▽

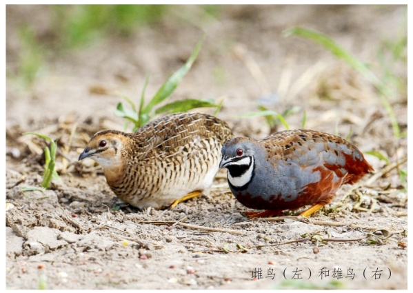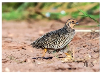鉴别特征:体长约14 cm,小型鹑类。上体多褐色,有较明显的白色纵纹和黑色横纹。雄鸟喉部具黑白色图案,腹部栗色。雌鸟喉部和腹部黄白色。
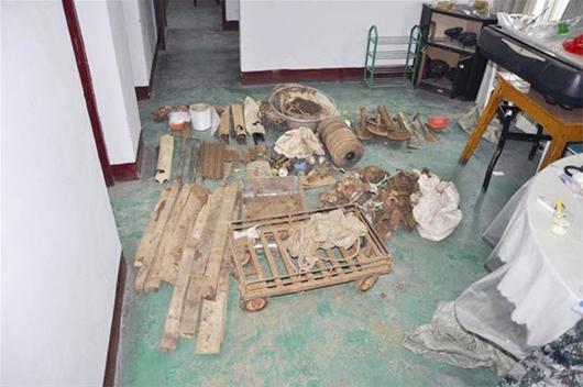 10月16日,有些郁闷的盗墓贼在里面狠狠地跺了一脚,居然发现了硬邦邦的器物,仔细一看,居然是青铜器。次日上午,赵某等人共盗掘出大件完整青铜器18件(组)、零碎青铜车马饰件52个、玉器7件。
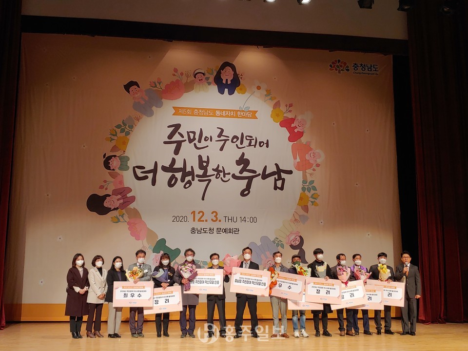 한편 지난 3일 진행된 ‘제5회 충남도 동네자치 한마당’ 대회는 저출산, 고령화, 사회양극화 3대 위기 극복, 일자리 창출 등 주민이 주도해 지역문제를 해결한 우수 모델을 발굴하고자 마련됐다.

△

Exercise prompt:
The answer is the full listing above, repeated exactly, with its pictures removed.

Response to the exercise:
鉴别特征:体长约14 cm,小型鹑类。上体多褐色,有较明显的白色纵纹和黑色横纹。雄鸟喉部具黑白色图案,腹部栗色。雌鸟喉部和腹部黄白色。
 10月16日,有些郁闷的盗墓贼在里面狠狠地跺了一脚,居然发现了硬邦邦的器物,仔细一看,居然是青铜器。次日上午,赵某等人共盗掘出大件完整青铜器18件(组)、零碎青铜车马饰件52个、玉器7件。
 한편 지난 3일 진행된 ‘제5회 충남도 동네자치 한마당’ 대회는 저출산, 고령화, 사회양극화 3대 위기 극복, 일자리 창출 등 주민이 주도해 지역문제를 해결한 우수 모델을 발굴하고자 마련됐다.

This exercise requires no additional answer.